April 14, 2012

The number of people who have bad credit is increasing by the day. Bad credit can be due to a default on a previous loan, a slow payment history or a high amount of debt. In the United States alone, there are around 10,000 people with bad credit scores. Those who have been declined loans in the past due to bad credit may believe there are no other options available to them. However, whereas it is more difficult to receive a bad credit loan, especially from traditional sources such as banks, there are alternatives.

While options are limited with a bad credit history, loans are far from impossible to obtain. Unfortunately, bad credit loans have higher interest rates because the lenders use the individuals’ credit scores as a basis to calculate rates. Occasionally, lower rates may be advertised than what is actually offered as companies will always advertise their best rates.

It is very important to consider all the available options when deciding what type of bad credit loan is the most suitable. A reputable lender can often provide advice to help clients avoid scams and inappropriate services. It is always advisable to avoid payday loans, tax refund loans and car title loans, as these are frequently utilized by scammers looking to take advantage of those with bad credit scores.

Credit unions offer a good alternative to banks for those with a bad credit score. Credit unions very often offer better rates across the board for any products but this is especially true after a customer builds a long term relationship with the credit union. This is because credit unions are non profit organizations, unlike banks which are owned by shareholders who expect to see high profits. While credit unions and banks are run in a similar fashion, using the same system of personnel, the board of directors at a credit union is made up entirely of unpaid volunteers who only wish to influence how the credit union is run.

Bad credit loans are easier to obtain when meeting in person with a lender from a credit union. The lender is more likely to approve a loan when considering the individual’s case than when looking at a credit score and loan application alone. In addition, lenders are more likely to show compassion if the bad credit is due to circumstances such as a dismissal from work, divorce or relocation.

An alternative to conventional loans is peer to peer lending services. This involves borrowing money from another person rather than a bank. This can reduce overhead costs and help to avoid the strict regulations set out by banks. It can be a good option for both secured and unsecured amortizing loans, usually lasting less than five years at a fixed rate.

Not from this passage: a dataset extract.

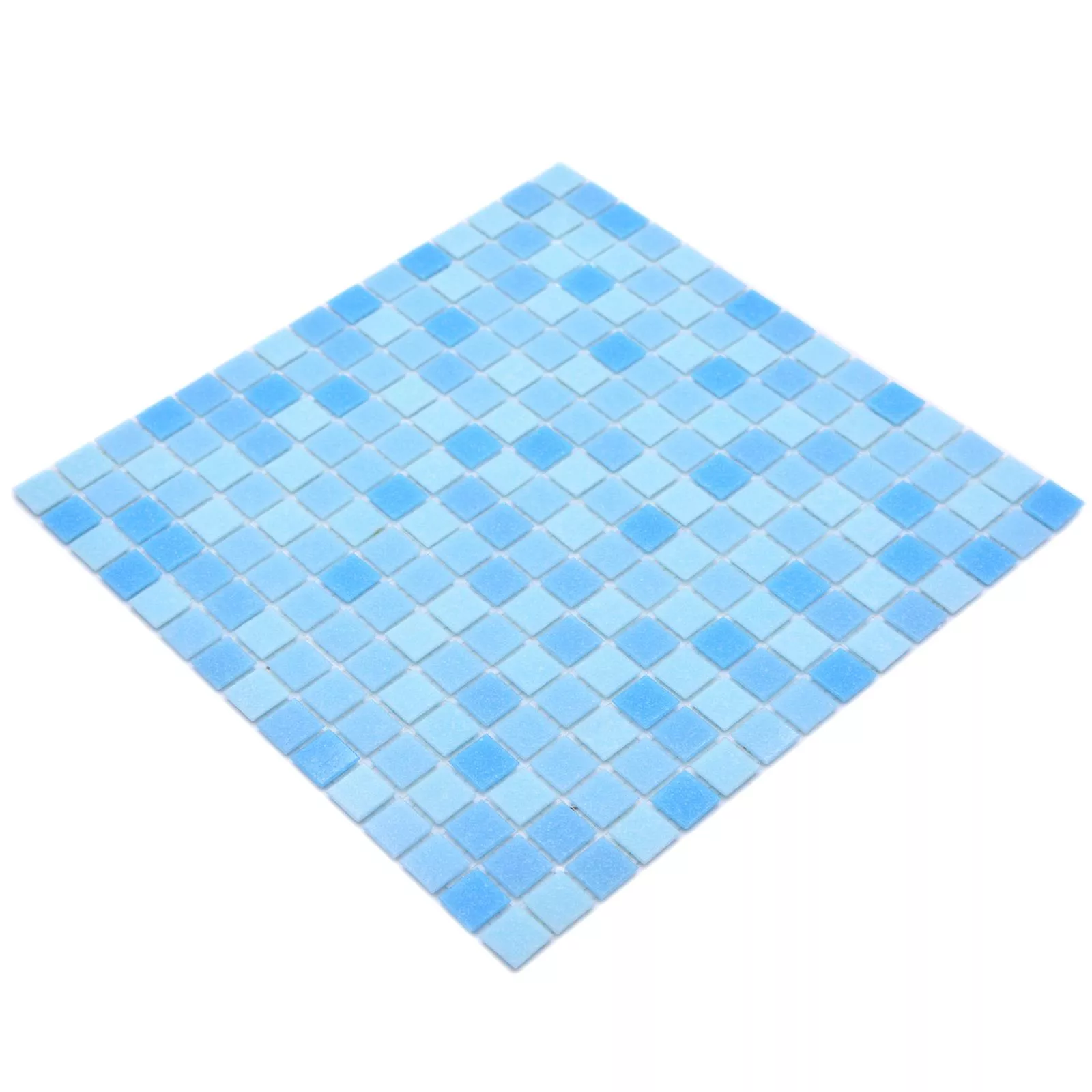 Unsere Fliesen für Ihr Schwimmbad: Der intensive Hellblau Mix wird den Pool in ein ansprechendes Nass verwandeln, denn das Wasser erhält eine wunderbare klare Farbe. Von weitem erscheint es als hätten Sie sich die Nord See nach Hause geholt. Es sind Mosaikfliesen, die auf einzelnen Matten papierverklebt sind, damit die Verlegung schnell von der Hand geht. Dazu bedarf es nicht nur eine Profihand. Die quadratischen Matten lassen sich einfach in den Pool verlegen. Mit einem Messer kann das Gewebe geschnitten werden und der benötigten Größe angepasst werden.

Peer to peer loans allow those with reasonably bad credit to borrow for lower rate than they otherwise would be able to. Services are often offered through an auction where potential lenders bid for a loan, providing the borrower with the best possible rate. The peer to peer lender company may also offer additional services such as transferring payments directly from the bank account of the borrower and depositing it in the account of the lender, as well as customer service, identity verification and correspondence with credit bureaus.

For those with a very bad credit score, peer to peer loans may not be suitable. For those who a bad credit loan with a stranger is impossible, the option of peer to peer lending with a family member or friend may be appropriate. This can use the same structure to ensure everything is processed officially, and both parties are protected. It is important to remember that credit scores can deteriorate further when payments are not made on time even with peer to peer loans.

If family or friends cannot or do not want to loan the money directly, they can still help the borrower by becoming a co-signer. Even those who have been refused a loan in the past may be able to qualify when they have the support of a co-signer.

Another option is to put up collateral in order to demonstrate commitment to the lender. This is achieved by pledging something high in valuable so the lenders know they have a better chance of receiving money. A popular choice is to use the equity of a property to borrow against; however, this is highly risky as it can result in the loss of a home if a payment is missed. It is essential to ensure that these loans are completely legitimate as scammers also target these loans. Signs that a loan may be corrupt include a high pressure sales pitch and lack of a written contract.